# Shenwai 900



## Catesjg (Feb 21, 2022)

Want to switch motor on a Shenwai 900 B back to 110 volt Because 220 not available yet. Any one have a wiring diagram?


----------



## Mitch Alsup (Feb 21, 2022)

Check the manual for G4003G near the back, they have a wiring diagram for both 120 and 240, in color no less.


----------



## Catesjg (Feb 22, 2022)

Thanks. Unfortunately It looks a lot different than what I’ve got and I pretty much suck on wiring. If I can find a written description section on swapping it from one voltage to the other is probably going to be best for me. Acording to the sticker it was originally wired for 110 V then in 1993 some one swapped it to 220 V and noted it on the sticker. I was able to plug in to 220 V to test it and all was operable. Just don’t have 220 V available here.


----------



## Mitch Alsup (Feb 22, 2022)

If you motor is not using the std wiring diagram, you can't debug this without either a complete wiring diagram, or an oscilloscope.


----------



## Catesjg (Feb 22, 2022)

Yup !


----------



## DAT510 (Feb 22, 2022)

Welcome to H-M.

The Shenwai 900 lathe was part of a group of lathes that were branded under a number of names.  I believe the most common was the Jet brand series of lathes.  As such there are a number of different manuals created under the various names.  I believe you need to be at least a Silver member, to download.  But, if you look in the Download section under Jet, you will find a number of manuals for this family of lathes (Jet, LAM, Grizzly, Tida, etc). One may have the info you are looking for.  https://www.hobby-machinist.com/resources/categories/jet-except-grinders.636/

Once you have posted a few more times, you will be able to upload pictures, which would allow us to more effectively help you.


----------



## Catesjg (Dec 28, 2022)

Does anyone on the site have a Shen Wai lathe? Thanks


----------



## Ulma Doctor (Dec 29, 2022)

Catesjg said:


> Does anyone on the site have a Shen Wai lathe? Thanks


I have 2 Shenwai SW900B ‘s

If you need assistance, send me a PM


----------



## Catesjg (Sunday at 5:47 PM)

Thanks for the response. I don't have a manual for this Machine, and I was Looking for the best method of removing the Chuck. 
I think locking back gear is going to be the trick.  I don't know when it was last removed so I'm a bit uncomfortable. It was purchased from an estate sale and was in a garage that had no door and lotsa critters to visit. Also, I wanted to put it back to110 V because I don't have 220 V available in the shop/Barn where it is stored now. Any help would be appreciated


----------



## DAT510 (Sunday at 7:33 PM)

Here's the link for Manual of Grizzly's version of your lathe.  

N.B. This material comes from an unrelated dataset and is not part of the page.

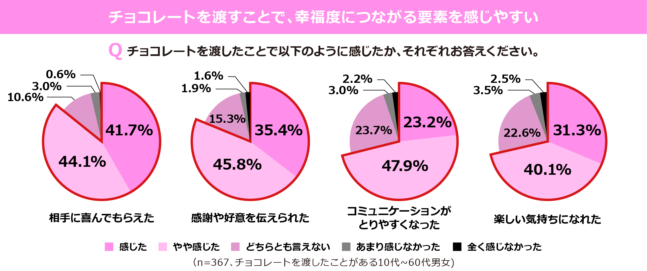 今回の調査から、チョコレートを渡す・もらうことで、「相手に感謝や好意を伝えられる」「前向きな気持ちの向上」といった幸福度につながる要素を感じることがわかり、さらに、幸福度の高低にも影響している可能性が明らかになりました。

			https://cdn0.grizzly.com/manuals/g9249_m.pdf
		


Pages 22-23 describe how to remove the chuck on the Grizzly lathe.  

I follow this method when I remove the chuck on my Jet1024 lathe, with the one exception that my Jet does not havea "spindle clamps" as shown in Fig 22.

Hope this helps.


----------



## matthewsx (Sunday at 7:46 PM)

Catesjg said:


> Thanks for the response. I don't have a manual for this Machine, and I was Looking for the best method of removing the Chuck.
> I think locking back gear is going to be the trick.  I don't know when it was last removed so I'm a bit uncomfortable. It was purchased from an estate sale and was in a garage that had no door and lotsa critters to visit. Also, I wanted to put it back to110 V because I don't have 220 V available in the shop/Barn where it is stored now. Any help would be appreciated


The primary thing you need for removing stuck chucks is patience. 

From the pictures I found in the internet it looks a lot like my Samson (Tida) model 5AA. I have my old motor and control box if you run into trouble with switching yours back to 110v but if you can I'd highly recommend getting 220v to where you have your shop. Shortly after buying my lathe I switched it over to a 3 phase motor with VFD which is a huge improvement on these small machines. I know not everyone can make this happen but if you can it's worthwhile.

Again.... Penetrating oil, gentle heat, and patience is your friend in getting the chuck loose. There are lots of threads on here covering this, but you don't want to be the guy looking for parts because you decided to reef on the chuck with the backgear engaged.

John


----------